The complete set of records should be given again verbatim.

Start of Information shown

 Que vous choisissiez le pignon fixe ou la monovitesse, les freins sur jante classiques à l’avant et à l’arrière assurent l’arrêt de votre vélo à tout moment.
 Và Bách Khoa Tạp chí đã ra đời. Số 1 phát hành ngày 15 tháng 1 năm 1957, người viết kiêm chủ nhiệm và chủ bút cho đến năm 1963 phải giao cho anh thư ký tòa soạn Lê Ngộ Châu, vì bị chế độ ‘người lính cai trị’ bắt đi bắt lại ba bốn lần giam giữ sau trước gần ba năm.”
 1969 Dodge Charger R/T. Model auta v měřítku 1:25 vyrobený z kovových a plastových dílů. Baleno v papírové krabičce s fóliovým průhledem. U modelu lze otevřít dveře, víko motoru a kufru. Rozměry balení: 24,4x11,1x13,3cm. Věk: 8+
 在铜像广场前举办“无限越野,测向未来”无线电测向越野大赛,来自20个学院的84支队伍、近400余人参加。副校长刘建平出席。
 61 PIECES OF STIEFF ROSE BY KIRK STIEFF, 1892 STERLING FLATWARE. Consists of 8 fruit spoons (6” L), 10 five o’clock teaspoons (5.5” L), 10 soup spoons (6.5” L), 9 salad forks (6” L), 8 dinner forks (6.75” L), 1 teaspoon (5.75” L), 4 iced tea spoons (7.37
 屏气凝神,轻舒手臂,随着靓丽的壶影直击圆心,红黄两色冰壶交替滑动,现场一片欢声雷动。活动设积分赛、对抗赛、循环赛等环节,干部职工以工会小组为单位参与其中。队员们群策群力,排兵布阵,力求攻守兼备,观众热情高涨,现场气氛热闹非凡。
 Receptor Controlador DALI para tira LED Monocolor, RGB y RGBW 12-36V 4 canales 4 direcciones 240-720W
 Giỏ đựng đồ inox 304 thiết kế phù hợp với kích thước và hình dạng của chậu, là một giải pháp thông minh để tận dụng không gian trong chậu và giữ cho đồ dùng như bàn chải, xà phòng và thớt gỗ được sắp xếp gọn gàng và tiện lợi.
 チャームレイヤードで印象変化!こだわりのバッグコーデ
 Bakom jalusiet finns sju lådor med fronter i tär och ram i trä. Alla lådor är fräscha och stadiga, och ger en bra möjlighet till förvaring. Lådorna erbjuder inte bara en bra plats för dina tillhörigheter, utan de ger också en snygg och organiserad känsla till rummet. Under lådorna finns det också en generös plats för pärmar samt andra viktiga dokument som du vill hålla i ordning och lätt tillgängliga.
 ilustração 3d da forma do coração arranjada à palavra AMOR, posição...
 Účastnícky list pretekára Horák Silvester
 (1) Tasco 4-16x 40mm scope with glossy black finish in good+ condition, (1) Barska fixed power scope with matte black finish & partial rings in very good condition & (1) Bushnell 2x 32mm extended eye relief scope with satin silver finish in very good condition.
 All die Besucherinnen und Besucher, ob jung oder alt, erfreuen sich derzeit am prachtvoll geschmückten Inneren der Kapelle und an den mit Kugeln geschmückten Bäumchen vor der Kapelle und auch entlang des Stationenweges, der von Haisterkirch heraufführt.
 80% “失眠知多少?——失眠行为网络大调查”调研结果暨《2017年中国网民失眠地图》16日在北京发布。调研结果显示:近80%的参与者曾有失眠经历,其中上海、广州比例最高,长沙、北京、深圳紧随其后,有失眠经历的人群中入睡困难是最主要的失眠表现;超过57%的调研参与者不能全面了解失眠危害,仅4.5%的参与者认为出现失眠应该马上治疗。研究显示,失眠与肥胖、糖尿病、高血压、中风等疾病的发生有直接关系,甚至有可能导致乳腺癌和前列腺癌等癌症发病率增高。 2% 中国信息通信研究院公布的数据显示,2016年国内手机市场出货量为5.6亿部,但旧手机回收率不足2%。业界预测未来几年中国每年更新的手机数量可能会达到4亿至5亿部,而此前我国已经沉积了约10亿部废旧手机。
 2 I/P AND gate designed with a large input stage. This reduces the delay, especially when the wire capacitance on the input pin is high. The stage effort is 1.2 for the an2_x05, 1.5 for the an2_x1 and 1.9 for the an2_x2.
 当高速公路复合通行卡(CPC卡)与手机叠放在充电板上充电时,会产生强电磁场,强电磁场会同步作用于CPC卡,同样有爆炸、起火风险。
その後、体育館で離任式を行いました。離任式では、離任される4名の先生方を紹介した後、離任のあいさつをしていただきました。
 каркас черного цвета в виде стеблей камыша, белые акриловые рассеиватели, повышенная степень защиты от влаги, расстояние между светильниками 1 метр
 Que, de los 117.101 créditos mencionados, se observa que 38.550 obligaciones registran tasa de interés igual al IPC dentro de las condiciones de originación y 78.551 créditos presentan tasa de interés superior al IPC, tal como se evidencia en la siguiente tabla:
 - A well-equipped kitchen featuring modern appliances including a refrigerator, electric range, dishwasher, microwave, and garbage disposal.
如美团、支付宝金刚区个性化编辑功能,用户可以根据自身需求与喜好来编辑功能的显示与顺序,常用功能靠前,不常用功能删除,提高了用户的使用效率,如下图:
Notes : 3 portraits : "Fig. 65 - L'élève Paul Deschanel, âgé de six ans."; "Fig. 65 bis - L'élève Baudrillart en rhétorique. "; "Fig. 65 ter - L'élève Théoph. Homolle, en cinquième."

End of Information shown

● Your solution:
 Que vous choisissiez le pignon fixe ou la monovitesse, les freins sur jante classiques à l’avant et à l’arrière assurent l’arrêt de votre vélo à tout moment.
 Và Bách Khoa Tạp chí đã ra đời. Số 1 phát hành ngày 15 tháng 1 năm 1957, người viết kiêm chủ nhiệm và chủ bút cho đến năm 1963 phải giao cho anh thư ký tòa soạn Lê Ngộ Châu, vì bị chế độ ‘người lính cai trị’ bắt đi bắt lại ba bốn lần giam giữ sau trước gần ba năm.”
 1969 Dodge Charger R/T. Model auta v měřítku 1:25 vyrobený z kovových a plastových dílů. Baleno v papírové krabičce s fóliovým průhledem. U modelu lze otevřít dveře, víko motoru a kufru. Rozměry balení: 24,4x11,1x13,3cm. Věk: 8+
 在铜像广场前举办“无限越野,测向未来”无线电测向越野大赛,来自20个学院的84支队伍、近400余人参加。副校长刘建平出席。
 61 PIECES OF STIEFF ROSE BY KIRK STIEFF, 1892 STERLING FLATWARE. Consists of 8 fruit spoons (6” L), 10 five o’clock teaspoons (5.5” L), 10 soup spoons (6.5” L), 9 salad forks (6” L), 8 dinner forks (6.75” L), 1 teaspoon (5.75” L), 4 iced tea spoons (7.37
 屏气凝神,轻舒手臂,随着靓丽的壶影直击圆心,红黄两色冰壶交替滑动,现场一片欢声雷动。活动设积分赛、对抗赛、循环赛等环节,干部职工以工会小组为单位参与其中。队员们群策群力,排兵布阵,力求攻守兼备,观众热情高涨,现场气氛热闹非凡。
 Receptor Controlador DALI para tira LED Monocolor, RGB y RGBW 12-36V 4 canales 4 direcciones 240-720W
 Giỏ đựng đồ inox 304 thiết kế phù hợp với kích thước và hình dạng của chậu, là một giải pháp thông minh để tận dụng không gian trong chậu và giữ cho đồ dùng như bàn chải, xà phòng và thớt gỗ được sắp xếp gọn gàng và tiện lợi.
 チャームレイヤードで印象変化!こだわりのバッグコーデ
 Bakom jalusiet finns sju lådor med fronter i tär och ram i trä. Alla lådor är fräscha och stadiga, och ger en bra möjlighet till förvaring. Lådorna erbjuder inte bara en bra plats för dina tillhörigheter, utan de ger också en snygg och organiserad känsla till rummet. Under lådorna finns det också en generös plats för pärmar samt andra viktiga dokument som du vill hålla i ordning och lätt tillgängliga.
 ilustração 3d da forma do coração arranjada à palavra AMOR, posição...
 Účastnícky list pretekára Horák Silvester
 (1) Tasco 4-16x 40mm scope with glossy black finish in good+ condition, (1) Barska fixed power scope with matte black finish & partial rings in very good condition & (1) Bushnell 2x 32mm extended eye relief scope with satin silver finish in very good condition.
 All die Besucherinnen und Besucher, ob jung oder alt, erfreuen sich derzeit am prachtvoll geschmückten Inneren der Kapelle und an den mit Kugeln geschmückten Bäumchen vor der Kapelle und auch entlang des Stationenweges, der von Haisterkirch heraufführt.
 80% “失眠知多少?——失眠行为网络大调查”调研结果暨《2017年中国网民失眠地图》16日在北京发布。调研结果显示:近80%的参与者曾有失眠经历,其中上海、广州比例最高,长沙、北京、深圳紧随其后,有失眠经历的人群中入睡困难是最主要的失眠表现;超过57%的调研参与者不能全面了解失眠危害,仅4.5%的参与者认为出现失眠应该马上治疗。研究显示,失眠与肥胖、糖尿病、高血压、中风等疾病的发生有直接关系,甚至有可能导致乳腺癌和前列腺癌等癌症发病率增高。 2% 中国信息通信研究院公布的数据显示,2016年国内手机市场出货量为5.6亿部,但旧手机回收率不足2%。业界预测未来几年中国每年更新的手机数量可能会达到4亿至5亿部,而此前我国已经沉积了约10亿部废旧手机。
 2 I/P AND gate designed with a large input stage. This reduces the delay, especially when the wire capacitance on the input pin is high. The stage effort is 1.2 for the an2_x05, 1.5 for the an2_x1 and 1.9 for the an2_x2.
 当高速公路复合通行卡(CPC卡)与手机叠放在充电板上充电时,会产生强电磁场,强电磁场会同步作用于CPC卡,同样有爆炸、起火风险。
その後、体育館で離任式を行いました。離任式では、離任される4名の先生方を紹介した後、離任のあいさつをしていただきました。
 каркас черного цвета в виде стеблей камыша, белые акриловые рассеиватели, повышенная степень защиты от влаги, расстояние между светильниками 1 метр
 Que, de los 117.101 créditos mencionados, se observa que 38.550 obligaciones registran tasa de interés igual al IPC dentro de las condiciones de originación y 78.551 créditos presentan tasa de interés superior al IPC, tal como se evidencia en la siguiente tabla:
 - A well-equipped kitchen featuring modern appliances including a refrigerator, electric range, dishwasher, microwave, and garbage disposal.
如美团、支付宝金刚区个性化编辑功能,用户可以根据自身需求与喜好来编辑功能的显示与顺序,常用功能靠前,不常用功能删除,提高了用户的使用效率,如下图:
Notes : 3 portraits : "Fig. 65 - L'élève Paul Deschanel, âgé de six ans."; "Fig. 65 bis - L'élève Baudrillart en rhétorique. "; "Fig. 65 ter - L'élève Théoph. Homolle, en cinquième."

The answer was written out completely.